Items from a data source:
##############################
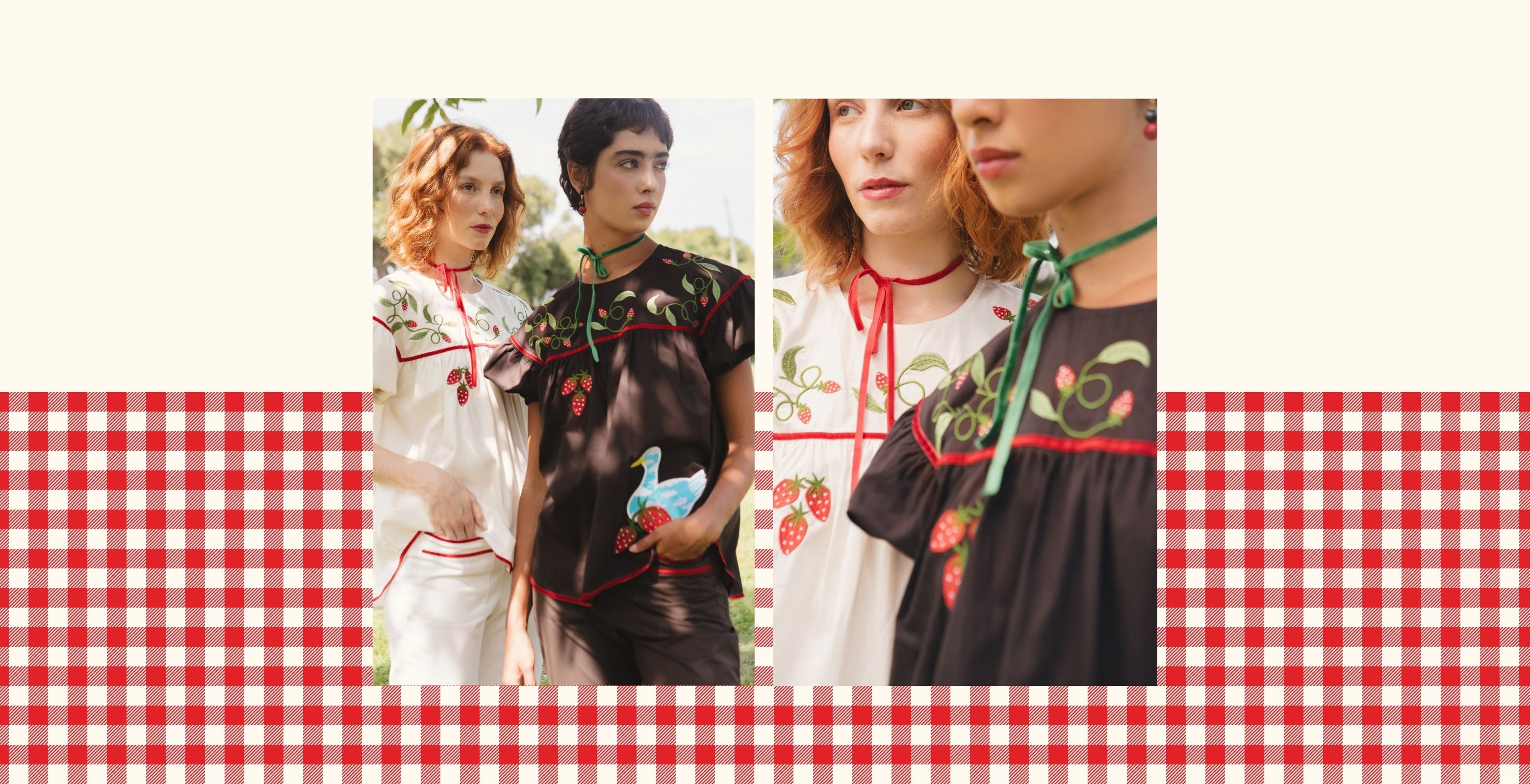 Conjunto Era Uma Vez Patinho - vichy vermelho
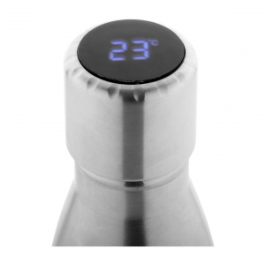 Artikel-Nr: AND844070Doppelwandige Vakuumflasche aus recyceltem Edelstahl mit LED Touch-Thermometer auf dem Deckel und eingebautem Akku. Füllmenge: 500 ml. Inkl. USB-Ladekabel.
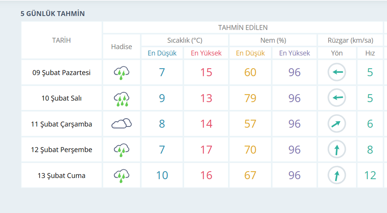 MANİSA İÇİN 5 GÜNLÜK HAVA TAHMİNİ
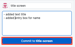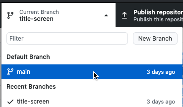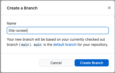 1. 여러분의 리포지토리 안에 새로운 브랜치를 생성하고 이름을 "title-screen" 형식으로 설정합니다. 새로운 브랜치를 어떻게 생성하는지 잘 모르시겠다면 GitHub의 설명서를 참고해주세요. 해당 브랜치에서는, 다른 개발자의 작업물에 어떠한 영향도 받지 않고 안전하게 새로운 기능을 실험해볼 수 있습니다.
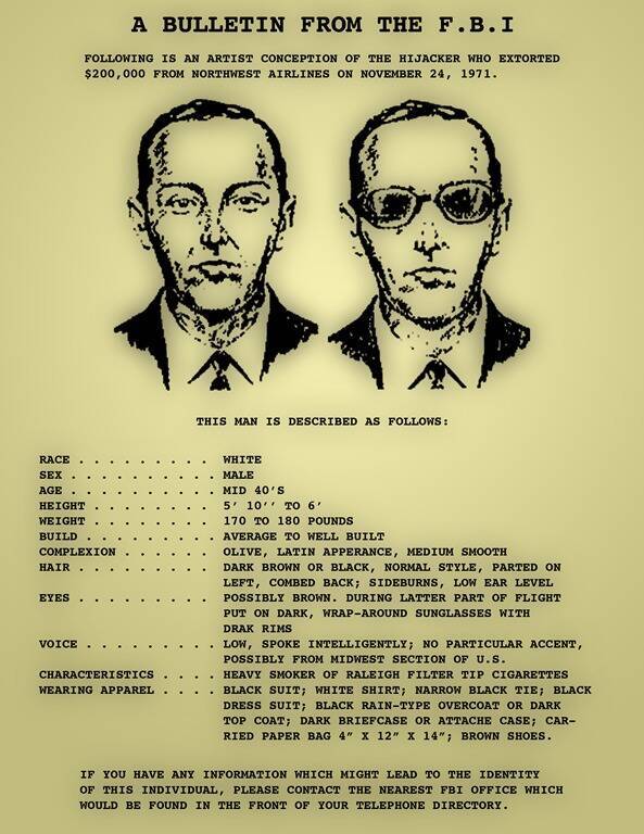 Ve sonra, Pasifik Kuzeybatısı ormanlarının üzerinde bir yerde, Cooper kayboldu. Bir paraşüt ve parayı alarak ortadan kayboldu.
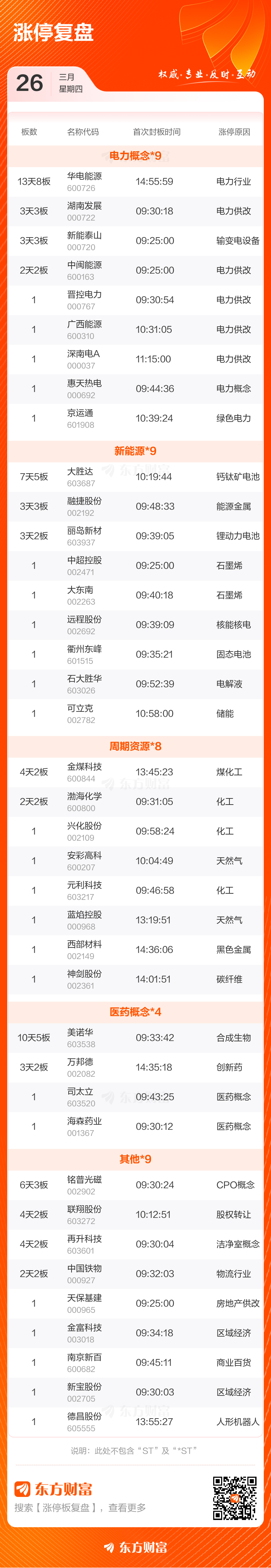 涨停个股数量方面,今日共计51股涨停,另有28只个股盘中一度触及涨停,封板率64.56%。 500)this.width=500 align=center hspace=10 vspace=10 alt=> 500)this.width=500 align=center hspace=10 vspace=10 alt=> 免责声明:本文基于AI生产,仅供参考,不构成任何投资建议,据此操作风险自担。东方财富发布此内容旨在传播更多信息,与本平台立场无关。东方财富力求但不保证数据的完全准确,如有错漏请以中国证监会指定上市公司信息披露媒体为准,东方财富不对因该资料全部或部分内容而引致的盈亏承担任何责任。用户个人对服务的使用承担风险,东方财富对此不作任何类型的担保。
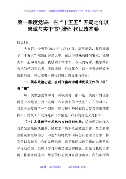 / 第一季度党课:在“十五五”开局之年以忠诚与实干书写新时代民政答卷
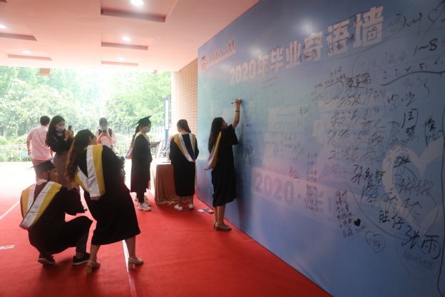 学生在签名墙上留下毕业寄语
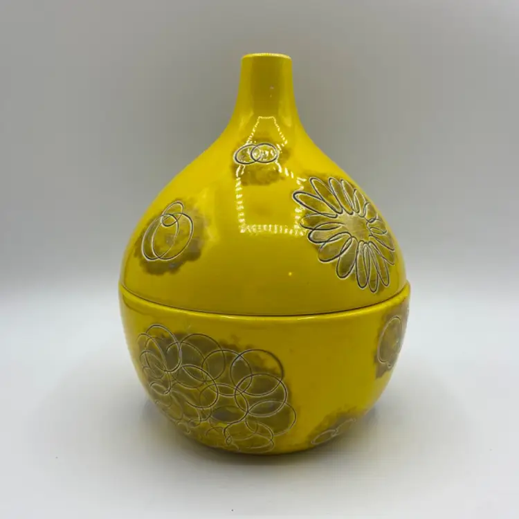 Vintage Rare Bitossi Italian Pottery Yellow Teardrop Shape Covered Dish, Yellow Abstract Floral Covered Dish
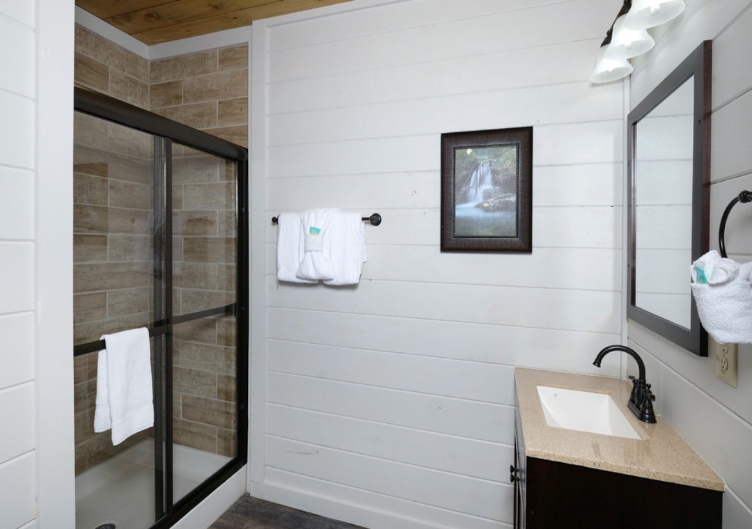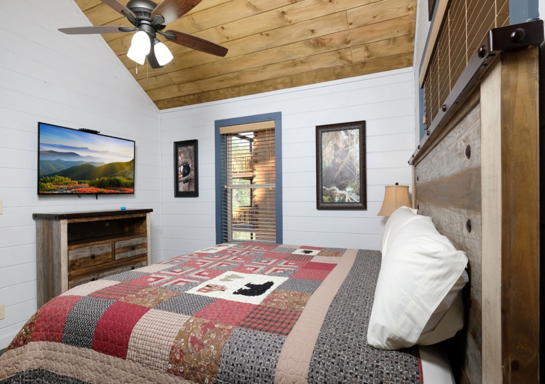 ✔ Bedroom #1(Main Level): Cabin perfect King-size bed with flat screen TV; Attached Full Bathroom with Stand Up Shower
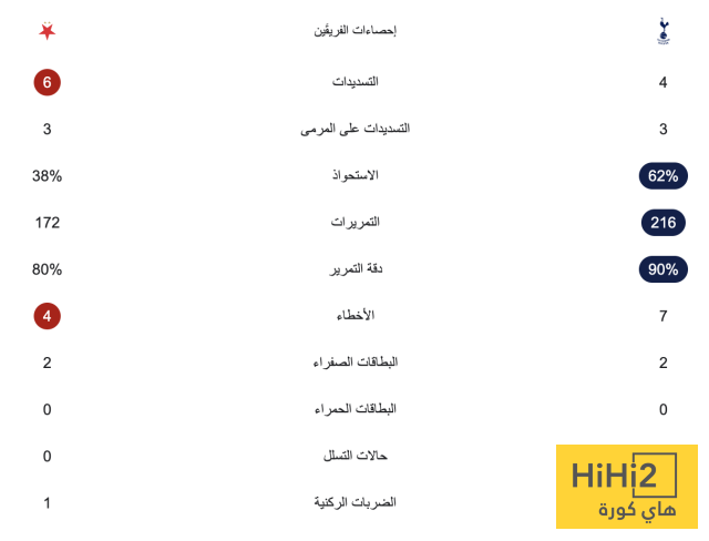 وتشير إحصائيات المباراة إلى تفوق توتنهام في العديد من جوانب المباراة.
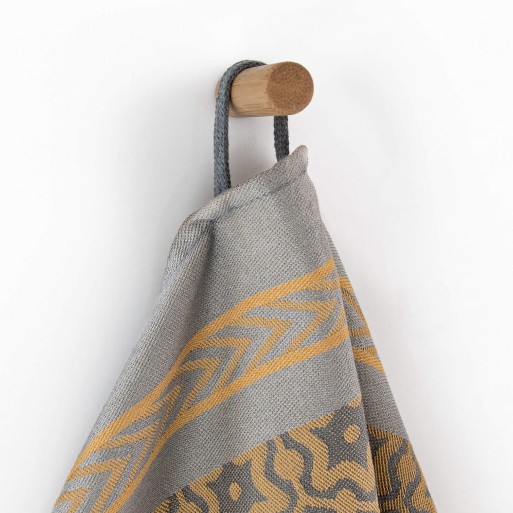 Ściereczka Marsala Gold w kolorze szarym 50x70 to ukłon w stronę natury i jej najpiękniejszych barw. Wykonana w 100% z bawełny organicznej, z certyfikatem GOTS, jest nie tylko przyjemna w dotyku, ale także trwała i przyjazna dla środowiska. Żakardowy splot sprawia, że wzór pozostaje wyrazisty przez długi czas, a gramatura 240 g/m² zapewnia świetną chłonność i wytrzymałość w codziennym użytkowaniu.
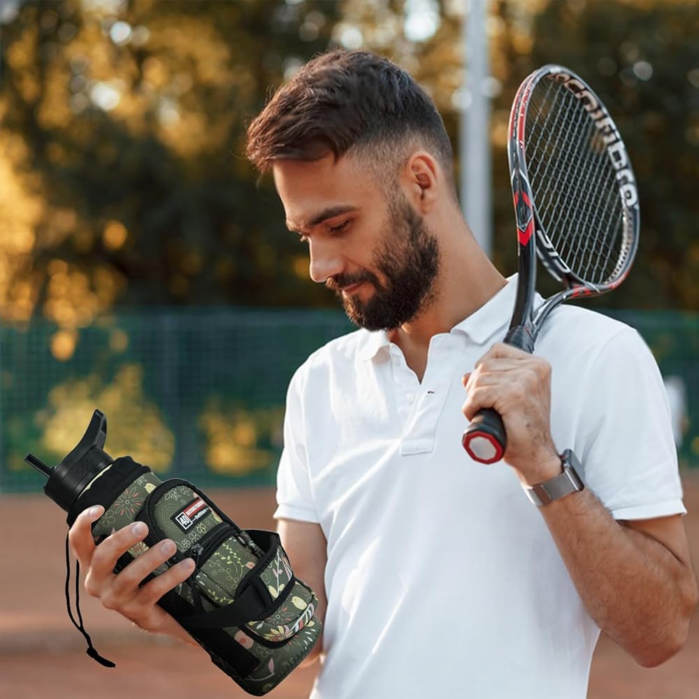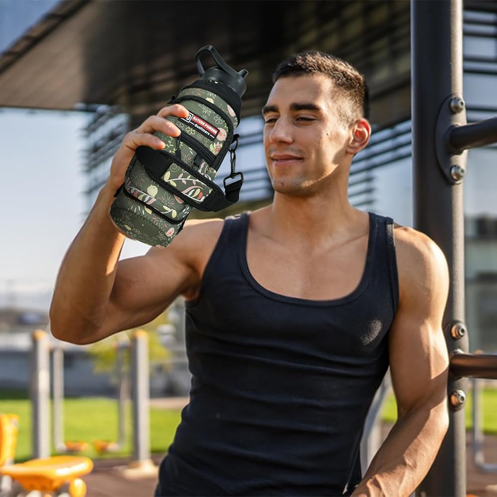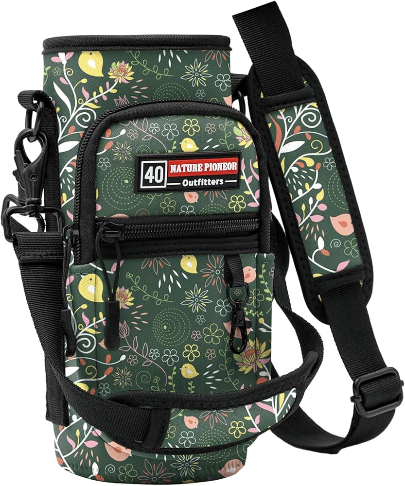 NATURE PIONEOR Water Bottle Holder with Strap,Water Bottle Carrier Bag Sling Sleeve with Adjustable Shoulder Strap & Handle and Large Phone Pocket for Walking,Hiking,Travelling for 25oz/32oz/40oz/64oz
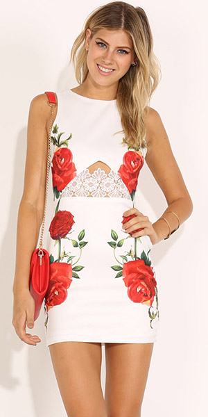 This dress will take seamlessly form office to evening out. Its sweet floral print and lace spliced
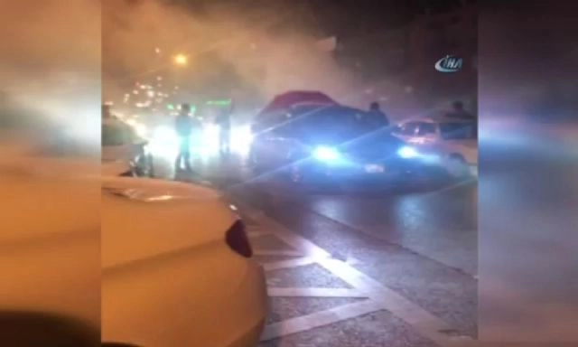 İstanbul Ümraniye'de asker eğlencesi sırasında yolu keserek havaya ateş açan magandalar, vatandaşların canını hiçe saydı. Bu anlar cep telefonu kamerasıyla görüntülendi.
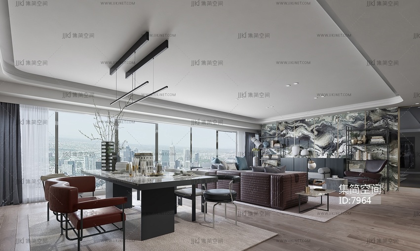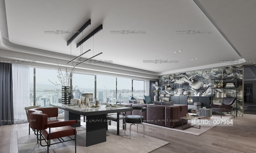 15-1021现代客厅餐厅 3d模型下载 [模型ID:7964]
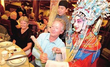 昨晚7點,在前門全聚德烤鴨店,京劇、川劇變臉和老北京的糖葫蘆,讓來自美國的130余名游客感受了一把地道的中國風(fēng)。而這也是今年以來,該店接待人數(shù)最多的一個外國旅游團隊。(記者范繼文 胡笑紅攝影報道)
##############################
TASK BRIEF :: Return, exactly as they stand, the lines above from the one with "Vintage Rare Bitossi" to the one with "15-1021现代客厅餐厅 3d模型下载 [模型ID:7964]", omitting any pictures among them.

PROBLEM SOLUTION ::
 Vintage Rare Bitossi Italian Pottery Yellow Teardrop Shape Covered Dish, Yellow Abstract Floral Covered Dish
 ✔ Bedroom #1(Main Level): Cabin perfect King-size bed with flat screen TV; Attached Full Bathroom with Stand Up Shower
 وتشير إحصائيات المباراة إلى تفوق توتنهام في العديد من جوانب المباراة.
 Ściereczka Marsala Gold w kolorze szarym 50x70 to ukłon w stronę natury i jej najpiękniejszych barw. Wykonana w 100% z bawełny organicznej, z certyfikatem GOTS, jest nie tylko przyjemna w dotyku, ale także trwała i przyjazna dla środowiska. Żakardowy splot sprawia, że wzór pozostaje wyrazisty przez długi czas, a gramatura 240 g/m² zapewnia świetną chłonność i wytrzymałość w codziennym użytkowaniu.
 NATURE PIONEOR Water Bottle Holder with Strap,Water Bottle Carrier Bag Sling Sleeve with Adjustable Shoulder Strap & Handle and Large Phone Pocket for Walking,Hiking,Travelling for 25oz/32oz/40oz/64oz
 This dress will take seamlessly form office to evening out. Its sweet floral print and lace spliced
 İstanbul Ümraniye'de asker eğlencesi sırasında yolu keserek havaya ateş açan magandalar, vatandaşların canını hiçe saydı. Bu anlar cep telefonu kamerasıyla görüntülendi.
 15-1021现代客厅餐厅 3d模型下载 [模型ID:7964]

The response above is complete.